FileSet lets one set hold positions from many files compactly: each file gets a base offset, and Position maps an absolute Pos back to the right file plus line/column. This is the same machinery go/parser, go/types, and every linter uses to point at code.

9. Build a small tokenizer tool¶

A useful exercise: a CLI that prints a token histogram for a file.

package main

import (
    "fmt"
    "go/scanner"
    "go/token"
    "os"
    "sort"
)

func main() {
    src, err := os.ReadFile(os.Args[1])
    if err != nil {
        fmt.Fprintln(os.Stderr, err)
        os.Exit(1)
    }

    fset := token.NewFileSet()
    file := fset.AddFile(os.Args[1], fset.Base(), len(src))

    var s scanner.Scanner
    // An error handler so malformed tokens don't go silent.
    s.Init(file, src, func(p token.Position, msg string) {
        fmt.Fprintf(os.Stderr, "%s: %s\n", p, msg)
    }, scanner.ScanComments)

    counts := map[token.Token]int{}
    total := 0
    for {
        _, tok, _ := s.Scan()
        if tok == token.EOF {
            break
        }
        counts[tok]++
        total++
    }

    type kv struct {
        tok token.Token
        n   int
    }
    var sorted []kv
    for t, n := range counts {
        sorted = append(sorted, kv{t, n})
    }
    sort.Slice(sorted, func(i, j int) bool { return sorted[i].n > sorted[j].n })

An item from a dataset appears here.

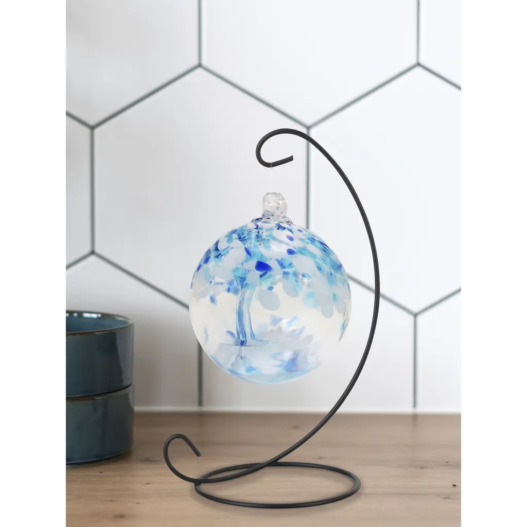 The "Aqua" witch globe gazing ball from Dale Tiffany's Rainbow Tree of Life collection is a testament to the tranquil beauty of hand-blown art glass. This delicate 3-inch diameter globe is a swirl of serene aqua and soft blue shades, evoking the peaceful essence of water and sky. Each globe is a unique creation, with subtle variations in color and form that make it a one-of-a-kind piece of art. Cradled by an elegantly swirling black metal stand, this gazing ball brings a touch of calm and sophistication to any setting, perfect for enhancing the ambiance of a quiet nook or becoming a standout piece in any room's decor.

    for _, e := range sorted {
        fmt.Printf("%6d  %s\n", e.n, e.tok)
    }
    fmt.Printf("%6d  TOTAL\n", total)
}

Run it on any source file: go run hist.go yourfile.go. You will see ; appear far more often than you typed it — that is ASI at work.

10. Summary¶

The scanner dispatches on the first character to a sub-scanner per token kind: identifier, number, string, rune, operator, comment.
Keywords are identifiers that match a fixed set — the compiler uses a perfect-hash lookup to find them with zero allocation.
Number scanning handles 0x/0o/0b, underscores, hex floats (with required p), and the imaginary i suffix, reporting errors without aborting.
Strings come in interpreted ("), raw (`), and rune (') forms with different escape rules.
ASI is one boolean (nlsemi) set by ident/literal/)/]/}/++/-- and the four branch keywords; mind return on its own line.
Directives like //line, //go:build, //go:noinline are captured by the scanner and need the exact //xxx: form (no space).
Use token.FileSet + fset.Position to turn token.Pos into line/column.